The Saudi PR machine is relentless. On Twitter, the Saudi Human Rights Commission presents a country leading the fight against human trafficking, where women are liberated and everyone enjoys fair and equal protection under the law.

Meanwhile the family of imprisoned women’s rights activist Loujain al-Hathloul have not heard from her for two months, and fear she is being subjected to more torture.

According to the Center For Responsive Politics, in 2018 the Saudis spent $38 million on lobbying in the US alone. This was in two phases: Mohammed Bin Salman’s spring tour of photo ops with Bill Clinton, Bill Gates and Michael Bloomberg, and efforts to contain the fallout from the state-sanctioned killing of dissident journalist Jamal Khashoggi in October.

With his 2019 acknowledgement that “it happened under my watch,” MBS hoped to draw a line under the affair, but a more fundamental reset is needed if Saudi Arabia’s goal of becoming “an exemplary and leading nation in all aspects” is to be realized by 2030, as planned.

COVID-19 has hampered the Kingdom’s presidency of the G20—it was recently announced that the November summit planned for Riyadh will now happen online—but there will never be a better opportunity to show that promises of reform are more than spin.

On his 2018 charm offensive, the Crown Prince’s line on the death penalty was unambiguous: the Kingdom would seek to “minimize” executions, but “if a person kills a person, they have to be executed in our law.” The following year, Saudi Arabia executed 185 people, a modern record, including 82 for non-violent drug crimes.

Under Saudi criminal law, there are three categories of death sentences: Hudud death sentences are mandated by the interpretation of the Shari’a favored in Saudi Arabia, a Qisas death sentence is sought in retribution by the family of a murder victim, and a ta’zir sentence is handed down at the discretion of a judge.
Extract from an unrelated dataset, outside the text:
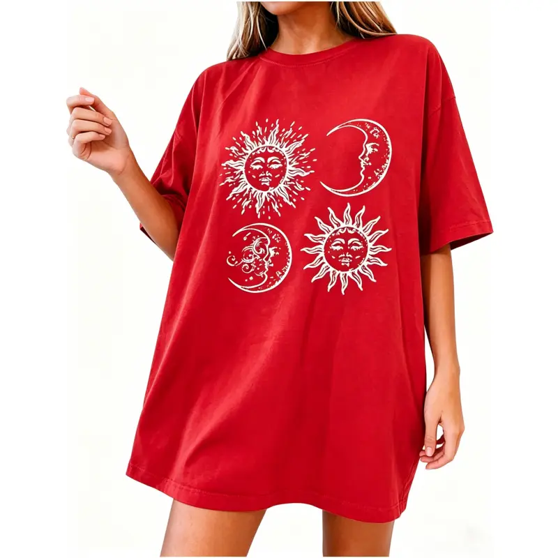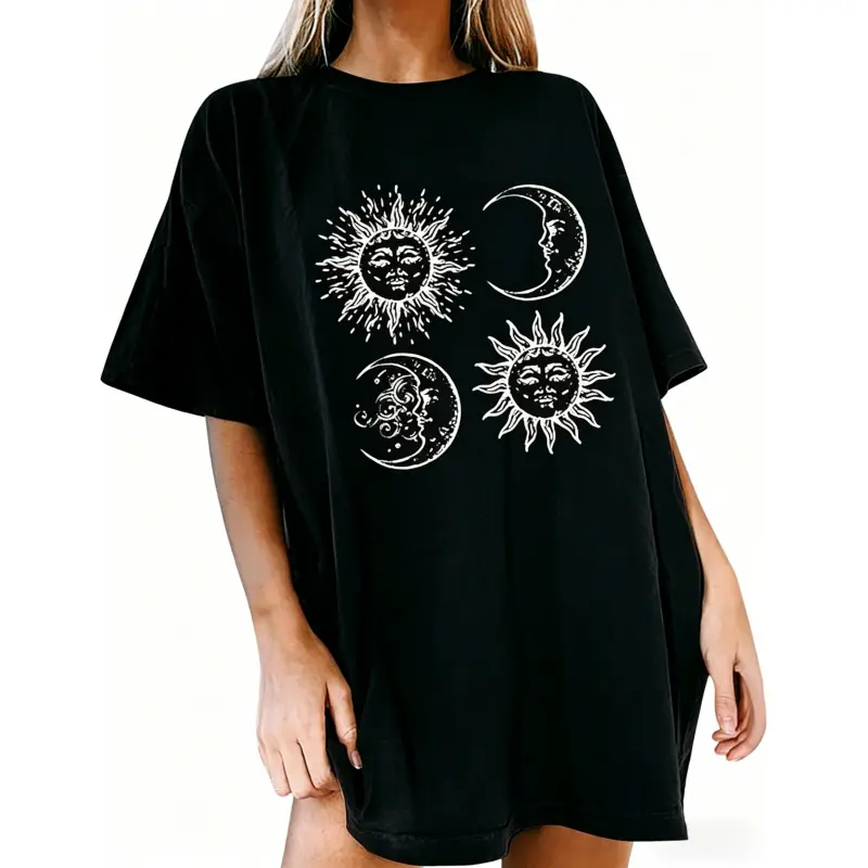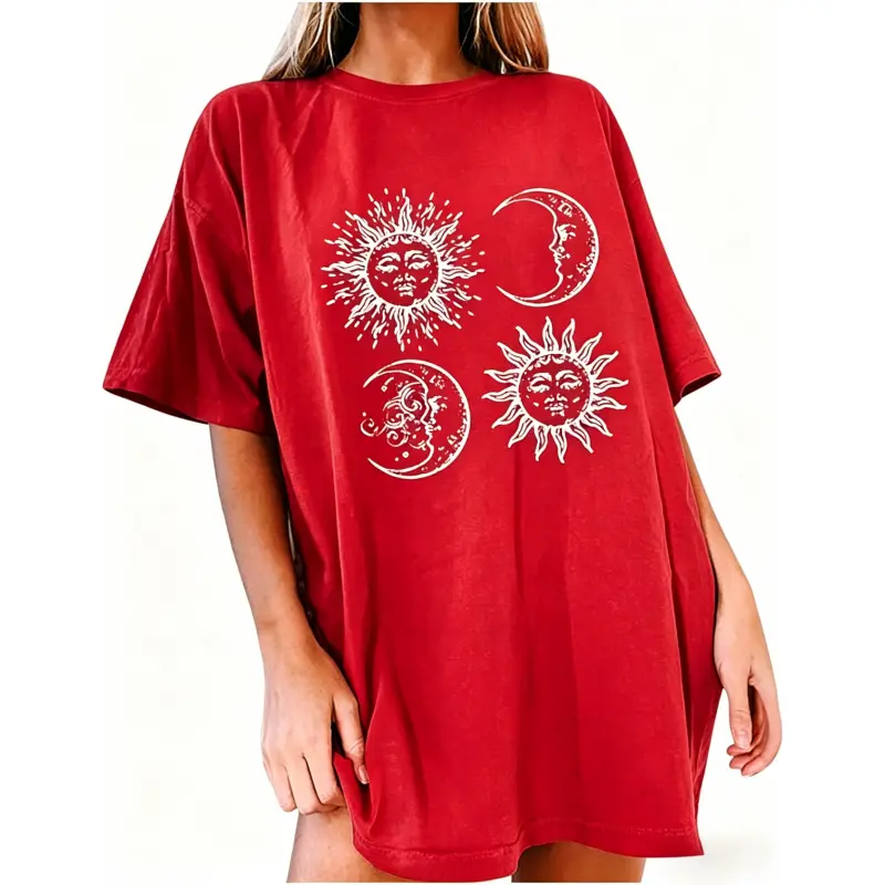 5. Womens Crewneck Short Sleeve T-Shirt,Oversized Summer Tops,Unisex Solid Printed T-shirt
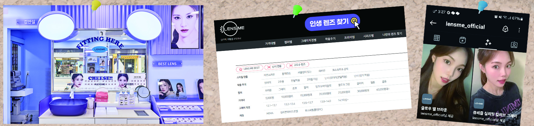 또 인생렌즈 찾는 것에 즐거움을 느끼게 된다면 아무래도 매장을 찾는 횟수가 늘어날 것이고 결국에는 판매로 이어질 가능성이 매우 높다. 렌즈미 매장이 제품을 구매하는 곳이라는 한정적 이미지보다 약속시간이 남았을때 혹은 번화가에 놀러나왔는데 딱히 즐길거리가 없을때 자연스럽게 방문할 수 있도록 문턱을 낮추는 것부터 시작하고 있다.

Drug smuggling is in the latter category. In June, it was reported that the Shura Council, which advises the royal family, had proposed abolishing ta’zir death sentences. “This will improve [the kingdom’s] reputation and its human rights record,” council member Faisal al-Fadhel told Saudi media.

The Saudi HRC has been briefing diplomats and journalists that a moratorium on executions for drug crimes is in place, on orders from the top. It is hard to assess this, with executions effectively paused for months due to the pandemic.

International law condemns the death penalty, but allows that states which have not yet abolished it may use it as a punishment for intentional killing only. Under King Salman, Saudi Arabia has executed almost 300 people for drug crimes, mostly foreign nationals.

Although Saudi Arabia is a conservative country, recreational amphetamine use is common, particularly among the wealthy. The people convicted of smuggling tend to be vulnerable migrants, tricked or coerced into carrying drugs. (Prince Abdel Mohsen Bin Walid Bin Abdulaziz, busted with a private jet full of Captagon at Beirut airport, is an exception.)

Reprieve is working on the case of a 56-year-old Jordanian, Hussein Abo al-Kheir, arrested at the border on his way to work as a driver for a Saudi family in Tabouk, in March 2014. Customs officers found thousands of amphetamine pills in the fuel tank of his car, and after 12 days of torture, including being hung upside down and beaten all over, Hussein signed a confession. The following January, he was convicted of smuggling and sentenced to death.

For five years, this poor taxi driver, father to eight children, has been imprisoned, wondering if today is the day he will be beheaded. He has consistently denied knowing the pills were there, and clearly lacked both the means to buy them in Jordan and the connections to sell them in Saudi Arabia. He is at worst a dupe, not a kingpin, yet the Kingdom could execute him at any time.

Ending the death penalty for non-violent crimes and commuting the sentences of people like Hussein would halve the number of executions in the Kingdom, saving hundreds of lives. It will take much more to rehabilitate the image of a state that murders journalists, tortures women’s rights activists and executes people for attending peaceful demonstrations as children, but this would be a major positive step.

The international community now has an opportunity to engage with their partners in the Kingdom – to potentially great effect. At the United Nations and the G20, they can skim the glossy brochure of a more tolerant, more just society, or they can demand meaningful change. Will they support reform, or enable more abuses?

Maya Foa is the director of legal action charity Reprieve.

The views expressed in this article are the author’s own.